Kate swatted the surface and gritted her teeth. “You’re afraid of Campbells, then!”
It was definitely the wrong thing to say, she realized when he pivoted around and impaled her with his angry glare. He rose out of the water, looming over her and blocking out the sun. She had to fight to keep herself from withering in her spot. “Woman,” he said very slowly, the word rumbling on that bear’s voice. “I’ve crushed more Campbells than ye’ll ever know, and I’ll go to my grave with a Campbell’s heart clutched within my fingers.”
Kate tipped her head back. The intensity in his gaze held her still, but her heart roared within her chest. His face was so hard, so unforgiving. She wanted to look away, for she knew now the passion that burned within. How deeply was his hatred emblazoned on his heart? He’d had a lifetime to nurture it. He would die hating her. Nae. She did not want it to be so. She raised her eyes to the dark, damp strands of his hair falling around his shoulders, the faint trace of blood not completely washed away by the water. She should fear him, but there was more to him than anger and malevolence. She had sliced open his leg, and he had not sliced off her head in return. Even when she fired his fury, he had not put his hands to her. His eyes were sharp and hard, but sometimes, when he looked at her, his gaze grew tender, as if he could not sustain his resolve to hate her.
“Will that heart be mine, my laird?” she asked qui
etly.
“It might,” he answered, pulling her gaze back to his.
“Nae.” She shook her head. “If you hate me so much, why did you save me? I do not believe you would hurt me.”
Callum wanted to mock this trust she so freely granted him. Trust that poured from her lips, from her eyes every time she set them on him. Trust he did not deserve. But instead, he found himself enraptured by it. “Ye dinna know anything aboot me.” His voice rumbled like thunder, a low growl of warning, and something else . . .
“I know what people call you,” she said. “But mayhap they are wrong. Mayhap you are more like Sir Gawain or Percivale than Satan.”
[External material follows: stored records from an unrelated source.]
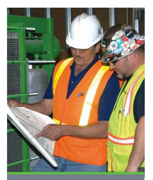
Personnel from Marine Corps Logistics Base Albany and a DOE ESCO review plans to install a 1.9 MW methane power generator as part of an ESPC project.
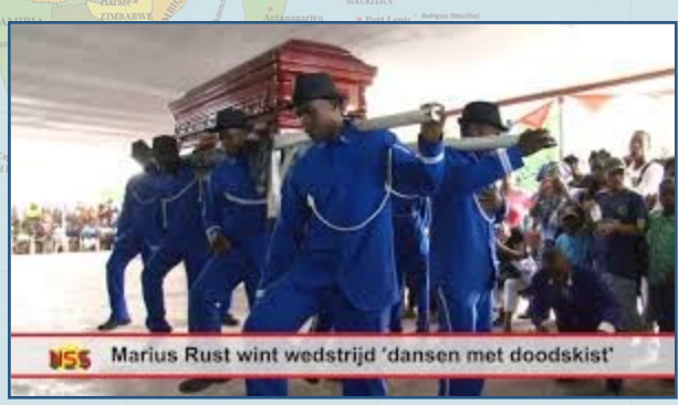
Drageman winners of the contest - Suriname https://youtu.be/E-6b3cZaflo
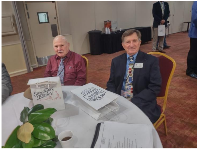
Waiting for Reunion to start
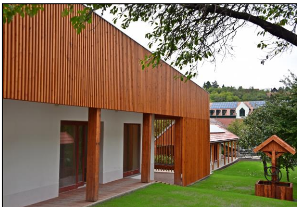
3. Figure: The new garden of the visitor centre (Gyöngyi Berkó)
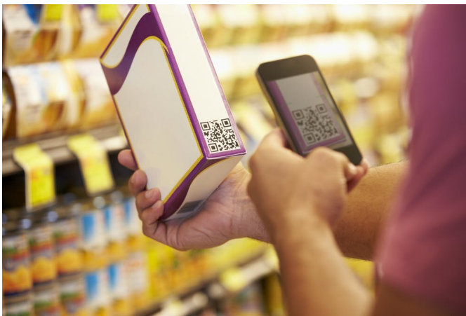
QR tagging in action.

To reassure parents , Nestlé hired Shanghai-based blockchain developer Techrock to incorporate the technology into its NAN A2 baby formula. They first created product packaging with an inbuilt RFID chip and antenna. Then the firms throughout Nestlé's supply chain recorded data on a public blockchain, including details of ingredients, where they came from, and where the product was produced.
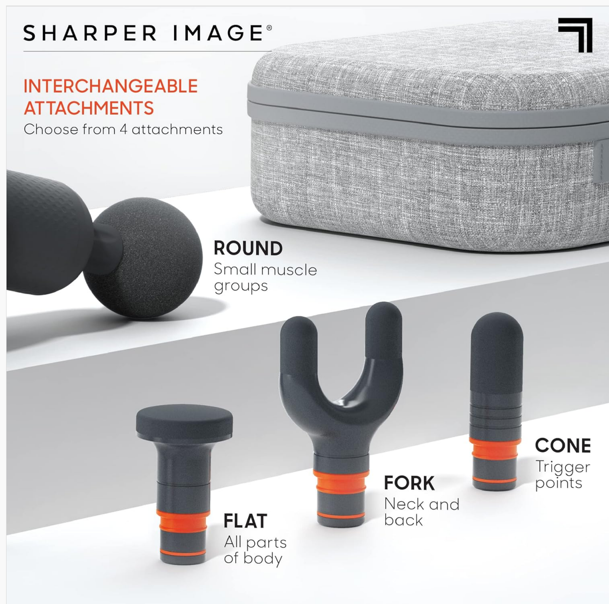
Figure 5: Interchangeable Attachments
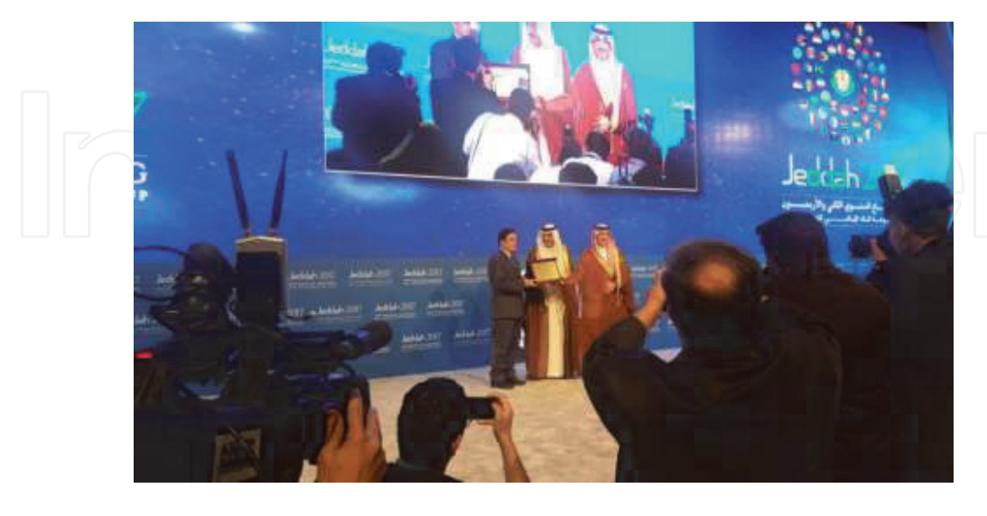
Figure 2. SCEE was awarded the Islamic Development Bank (IDB) prize of excellence in science and technology 2017.
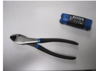
(20) Part Number # 069-67-123 One Heavy Duty Diag Side Cutters (21) Part Number # J4974CG One Fold Hex Key 1.5mm – 6.0mm Allen
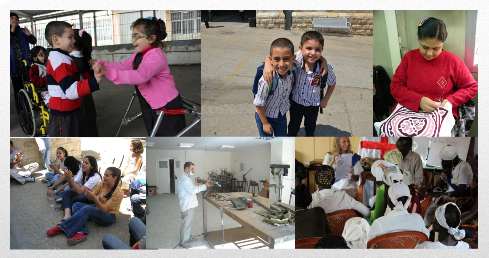
Providing training and education for all.

Princess Basma Centre for Disabled Children, Jerusalem St George's School and St George's College, Jerusalem Vocational Centre for deaf adults, Cairo, Egypt Mother's Union training sessions, Gambella
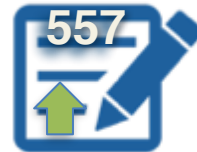
Registrations (Up 1%)

Callum reached for her then and slid one arm around her waist. Drawing the lower half of his body flush against hers, he leaned toward her, his long, sable lashes swept downward. “Ye dinna know me, Kate.” His velvet baritone was an erotic caress as seductive as the smirk that curled his lips when she struggled to free herself. “Or what I’m capable of doin’.” Her flesh felt warm and soft beneath her wet shift, igniting a fire that blazed through his veins. He kept her still while he spread his palm over her belly, then upward, slowly, deliberately between her breasts and over her collarbone. Her lips parted on a sigh that mingled their breath even as she fought him. Hell, how easy it would be to take her. He lowered his head and covered her mouth with his. Her protests ended instantly, provoking him to taste her more fully. He swept his tongue inside her, then out again as he slanted his lips to take her at an even deeper angle. His kiss was fierce, possessive, his tongue probing, stroking her with sweet, hot, melting desire until she groaned and looped her arms around his neck.
When Callum felt her tongue flick against his, he grew hard against her. He could tear the thin barrier between them away and with one forceful surge impale her to the hilt. He wanted to show her that he was not the gentle man her eyes hoped for. He was no knight on a quest to save bonny damsels, though, by God, she was the most beautiful of them all. He could take her now, shatter her fanciful notions of him. God knew he could do it, for she tempted him beyond reason. But he knew the harsh reality of the world, and what would become of her if he took her. For her own good he had to keep her heart out of his hands.